The Cost of Fits and Starts

I believe the story this week of two domestic Ford assembly plants opening/closing/opening is going to be, unfortunately, typical of restarting our economy. The situation raises several economic questions, at least in my mind, that I can’t seem to find being addressed publicly.  

According to articles on CNN.com and TheHill.com, two workers tested positive for the coronavirus the day after the plants opened. A Ford spokesman said they didn’t contract the virus at the plant, however, the two workers along with an unspecified number of others they came into close contact with were told to self-quarantine for 14 days. The company shut the plants down to disinfect the areas and the thousands of other workers at both plants were sent home. The plants reopened the next day.

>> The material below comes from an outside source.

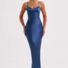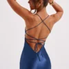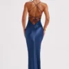 The Layla Maxi Dress is the perfect show-stopping piece, made for dancing the night away. Crafted from luxurious mid-stretch satin with a lustrous sheen, it hugs your body and effortlessly skims the floor. The ultra-low, cut-out back is framed by crossover straps with a self-tie fastening. Pair it with minimal gold jewelry and glittering heels for an elegant look.

So, here are my questions:

  1. Are people who are told to go home and quarantine for 14 days paid for those 14 days, and is every employee paid for 14 days every time this happens? Remember, they don’t have to test positive, they only have to come in contact with someone who does. Theoretically, then, a worker who is healthy and showing no symptoms but has been in close contact with someone is not allowed to work. That same worker, upon returning from their healthy quarantine, may encounter another co-worker who tests positive thus triggering the same quarantine procedure. How long will a company continue to pay healthy workers to stay home? I don’t know of any employment contract – awarded either independently or through collective bargaining – that has unlimited sick pay.
  2. Do the healthy workers who were not quarantined but got sent home due to the plant closures get paid for the lost time?
  3. How will companies operate productively with a fluctuating number of employees missing from various positions? In manufacturing it’s difficult to have an assembly line when positions on the line are empty. Will this be addressed through creative staffing like, maybe, platooning the workforce? Let’s say, for example, that one of the aforementioned Ford plants have four assembly lines. If they decided to open only two lines, that would leave two lines worth of workers “on-call” to fill in on assembly lines when those lines’ workers have to quarantine. How would companies pay these “on-call” workers? It’s unrealistic to have them hopping off and on unemployment, or expecting the company to pay them continually on the chance they might be needed.

The costs are staggering, according to some numbers I could find:

  • Number of employees at the two plants: 10,200 (according to the CNN.com article).
  • Average hourly labor cost (wages, benefits, etc.) for a union autoworker at Ford: $61.00 (according to the Center for Automotive Research).

Thus, Ford’s labor costs are $622,200 every operating hour just at these two plants alone.

How will a company remain competitive, profitable or even sustainable if it’s unable to control these costs because of unexpected and unavoidable interruptions in labor and production?

Did Ford follow the suggested guidelines when opening the plant? CNN quoted a Ford spokesperson saying, “Our protocols are in place to help stop the spread of the virus,” noting that workers’ temperatures were checked upon arrival, PPE was dispensed, and there were reminders about social distancing. But “reminders” is apparently all they did. CBS2 in Chicago quoted employees as saying, “Social distancing doesn’t really work” in the plant, and “all these people are crowded and on top of each other.”

If labor costs in this scenario seem high, imagine what it would cost manufacturing companies to retool all their facilities to accommodate social distancing. I don’t even know where to begin to look for those estimates!

Until these types of issues can be addressed consistently and with confidence — that workers are safe and companies can control costs — our economy as a whole will only be able to restart in fits and starts.